My thinking...I wish we could see ourselves more purely.  I think we all have these interesting distorted lenses we see ourselves through.  If we are lucky, we get a glimpse of the real deal, who we are at our core, when we are taken out of our comfort zone or when we are completely embraced by unconditional love. For some, this happens more often than not.  The rest of the time, I think we see ourselves as labels..I am a mom, I am an artist, I am good at this, I am not good at that.  I talk too much.  I am the junk I ate today.  I am a bad driver.  I am a good driver.  I am impatient.  Anyone relate to this?  Why don't we ever just think, "I am."  We label ourselves all the time.  We label ourselves as who we want to be seen as, and we label ourselves as who we have been taught to think we are, too. 
I think it is safe to say that we often have a hard time seeing ourselves as others see us.  I know when I hear people describe me, (which I love to, who doesn't like to hear people talk about them, unless it is bad or mean, of course) I am sitting back thinking, really?  Is that what they see?  It fascinates me.  It isn't necessarily that I don't think I am who others describe me to be, its just that it isn't what I see when I look in the mirror.  I am sure I am my worst critic.  I judge myself harshly at times and can be very critical of myself when I do something I wish I hadn't or say something I wish I didn't.  How often do we get to stand outside ourselves and watch our interactions with others, to see ourselves at our best? 
I watch my children look at themselves in the mirror and they are so enthralled.  They smile so beautifully when they see their own face.  Ruby can't get enough of herself.  She eagerly runs to the mirror in the mornings to see how good she looks and then models her outfit for herself.  It's a kick to watch.  I think she is most interesting to herself to look at.  Willis looks at himself and tells us how strong he is or how brave he is.  Elsie's whole body gets excited when she sees herself and she smiles so big.  Why do we stop being so in love with our reflection?  When do we stop seeing beyond the surface when we look in the mirror?
The function I went to last night was held in a room that had mirrors all over the walls.  There were enough people and artwork around the room, that I didn't ever really see myself.  I heard someone say at some point that they kept catching a glimpse of themself in the mirror and that was when I noticed the walls were covered with them.  The only time I looked at myself in the mirror was in the bathroom, to check myself out, was my hair messy or flat, did I look tired?  I didn't really See myself.  Why is it so hard to see our best self when we look in the mirror?
Next time I look, I'm going to say...Mirror, mirror on the wall, who's the fairest of them all?  You are!

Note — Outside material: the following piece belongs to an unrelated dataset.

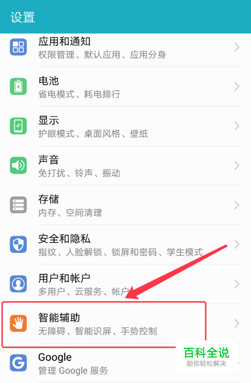 打开华为手机的【设置】界面,找到【智能辅助】导航,这里可设置关于手机的无障碍、智能识屏和手势控制的通道

Wednesday, October 13, 2010

I'm Late, I'm Late

....for a very important date.  No time to say hello, goodbye, I'm late, I'm late, I'm late.

Sometimes I feel like the white rabbit in such a hurry, going where?  I find myself hurrying the kids along, getting impatient, frustrated with them for taking their time, dilly-dallying on their way to wherever I am herding them to.  And then I say to myself, what is the rush?  What if we get there 2 minutes later, does it really make that much of a difference?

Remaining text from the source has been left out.